The chicken mystery has nothing to do with the egg. The path that led to the Popeyes chicken sandwich was the result of a bird of the jungle coming together with humans.
The complexity of the chicken's history makes it hard to imagine a time when they weren't eating. Scientists have been reconstructing a past in which the birds, descendants of the red jungle fowl, were first viewed as marvelous and exotic and then sacrificed to ancient gods in order to become status symbols.
The location of the chicken's domestication was a topic of debate. Early domestication 8,000 or more years ago may have been in China or India. The emergence of the domestic chicken in what is now Thailand is closer to 3,500 years old than previously thought.
There is a new hypothesis proposed for how domestication happened. The advent of rice and millet cultivation in dry fields that attract the jungle fowls, brought them out of the forest into regular contact with people, according to the researchers.
The reports show how wrong our understanding of the time and place of chicken domestication was and make the case for a comprehensive re-evaluation of chickens.
The first fossils of domestic chickens were found at a stone age site in central Thailand, according to a report in the Proceedings of the National Academy of Sciences. The bones were from a long time ago.
Chickens spread west to Africa with traders from Southeast Asia and then north into Europe. The previous estimates did not hold up. Chickens first arrived in Southern Europe 2,800 years ago. It took hundreds of years for more northern areas to be reached.

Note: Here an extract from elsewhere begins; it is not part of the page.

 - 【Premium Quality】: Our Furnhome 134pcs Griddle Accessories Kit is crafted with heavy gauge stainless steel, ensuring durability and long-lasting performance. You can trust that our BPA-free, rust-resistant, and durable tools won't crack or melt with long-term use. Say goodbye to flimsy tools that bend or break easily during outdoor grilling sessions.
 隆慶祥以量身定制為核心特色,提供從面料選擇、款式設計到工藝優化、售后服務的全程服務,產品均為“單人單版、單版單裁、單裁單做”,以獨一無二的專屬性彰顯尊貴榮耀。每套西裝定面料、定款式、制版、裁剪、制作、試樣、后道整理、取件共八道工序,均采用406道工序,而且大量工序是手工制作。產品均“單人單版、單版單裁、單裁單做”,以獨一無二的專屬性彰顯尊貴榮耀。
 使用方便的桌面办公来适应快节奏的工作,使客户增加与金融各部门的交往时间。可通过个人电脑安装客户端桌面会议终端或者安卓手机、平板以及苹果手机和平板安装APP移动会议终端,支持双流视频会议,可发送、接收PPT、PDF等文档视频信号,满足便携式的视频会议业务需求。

The study was written by Joris Peters, an author on the paper.
Many of the samples of chicken bones used in the report had been previously studied. Three quarters of the fossils were incorrect. Chicken remnants from the 1950s had been dated to the Iron Age in some instances.
Julia Best said that with radiocarbon dating, we now have the clearest picture of our early interactions with chickens.

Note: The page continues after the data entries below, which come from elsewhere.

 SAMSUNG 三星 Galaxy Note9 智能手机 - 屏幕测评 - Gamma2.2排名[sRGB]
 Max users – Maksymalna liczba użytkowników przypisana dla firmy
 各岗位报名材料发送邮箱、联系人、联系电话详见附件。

The methods used to treat chickens became clear. The chickens buried alone with no signs of butchery were found in Britain and European Iron Age sites.
Humans didn't start by eating birds, but by admiring them. Every human group treated the chicken with reverence as it spread around the world.
For hundreds of years chickens were celebrated and venerated, according to an author on one of the papers. We started to eat them regularly.
Evidence shows that it took a few hundred years of living with chickens to get to know them well enough to start eating them. The Romans were eating birds when they were in Britain.
Familiarity eventually bred McNuggets and a vast worldwide industry that has produced tens of billion of chickens for consumption. The business has drawn outrage from activists concerned with animal welfare and has spawned research programs aimed at removing the animal from the equation.
The articles provided a really good analysis of all the data, according to a specialist in animal genetics. The domestication of chickens was more recent and spread very rapidly around the world according to Dr. Hanotte, who was not involved in either of the new papers. We shouldn't be saying that the domestication was so old.
The authors acknowledged that further research would need to be done to confirm the domestication hypothesis. He said that children used to keep wild animals as pets. He said that it could have been a step towards domestication.
The new hypothesis was valuable because it focused on human actions and intent, rather than the other way around. He said that researchers should look for a situation in which animals derive some benefit from being associated with humans.
The pattern of dry rice cultivation in Thailand 3,500 years ago, with large productive and fallow fields and bordering thickets, may have been better for jungle fowl than the irrigation paddies common in other areas.
The relationship kicks off after that.